Transferable Hyperparameters
Adapt and apply the hyperparameters to count-based methods.
- pre-processing hyperparameters
- association metric hyperparameters
- post-processing hyperparameters
Pre-processing hyperparameters
Dynamic Context Windows (dyn)
context words can be weighted according to their distance from the focus word.
Subsampling
Subsampling is a method of diluting very frequent words, akin to removing stop-words.
Deleting Rare Words (del)
Delete rare words before creating context windows.
Association Metric Hyperparameters
- Shifted PMI(neg)
- Context distribution smoothing
Post-processing hyperparameters
- Adding context vector
- Eigenvalue Weighting
- Vector Normalization: the standard L2 normalization of $W$’s rows is consistently superior.
Experiments
Word Similarity
Six datasets:
- WordSim-353: divided into two datasets:
WordSim Similarity
andWordSim Relatedness
- MEN dataset
- Mechanical Turk dataset
- Rare Words dataset
- SimLex-999 dataset
Analogy
- MSR’s analogy dataset
- Google’s analogy dataset
Results
At times, changing hyperparameters can bring bigger improvement than changing to different representation method. In some tasks, careful hyperparameters tunning can also outweigh the importance of adding more data.
SVD is very useful. word2vec outperforms GloVe.
The prediction-based word embeddings are not superior to count-based approaches. The contradictory results in stem from creating word2vec embeddings with somewhat pre-tunned hyperparameters (recommended by word2vec), and comparing them to “vanilla” PPMI and SVD representations.

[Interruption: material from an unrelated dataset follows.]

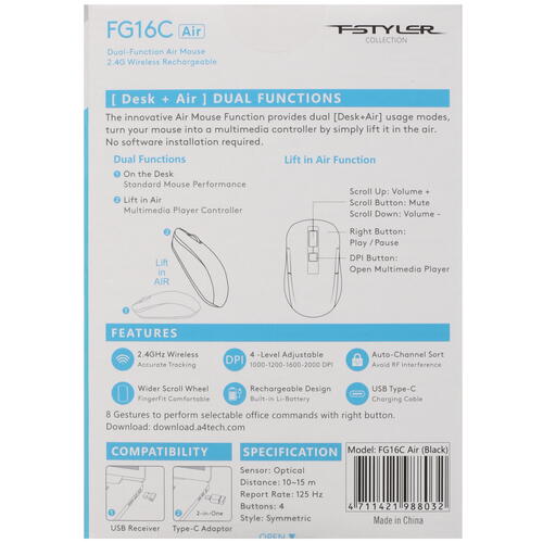 Мышь беспроводная A4Tech Fstyler FG16C Air обладает симметричной формой корпуса и размерами 64x36x109 мм, благодаря чему обеспечивается комфортный и уверенный хват правой или левой рукой. Устройство представлено в классическом черном цвете и располагает 4 кнопками для удобства работы в различных приложениях. Одна из кнопок позволит установить комфортное разрешение оптического светодиодного датчика, выбрав один из четырех вариантов: 1000 dpi, 1200 dpi, 1600 dpi или 2000 dpi. Корпус мыши A4Tech Fstyler FG16C Air выполнен из матового пластика, благодаря чему на нем не будут видны отпечатки пальцев.

3CosMul dominates 3CosAdd in every case.
There are a few works show that CBOW
has s slight advantage compared to others. But in the paper of word2vec, it shows SGNS performs better.
Hyperparameter Analysis
Harmful Configurations
- SVD does not benefit from shifted PPMI
- Using SVD “correctly” is bad
Beneficial Configurations
PPMI
and SVD
‘s preference towards shorter context windows (win=2). SGNS
always prefers numerous negative samples (neg>1). Only hyperparameter that can be “blindly” applied in any situation is context distribution smoothing (cds=0.75).
Practical Recommendations
- Always use context distribution smoothing to modify PMI.
- Do not use SVD “correctly” (eig=1).
- SGNS is a robust baseline. While it might not be the best method for every task, it does not significantly underperform in any scenario. Moreover, SGNS is the fastest method to train, and cheapest (by far) in terms of disk space and memory consumption.
- With SGNS, prefer many negative samples.
- For both SGNS and GloVe, it is worthwhile to experiment with $w+c$ variant.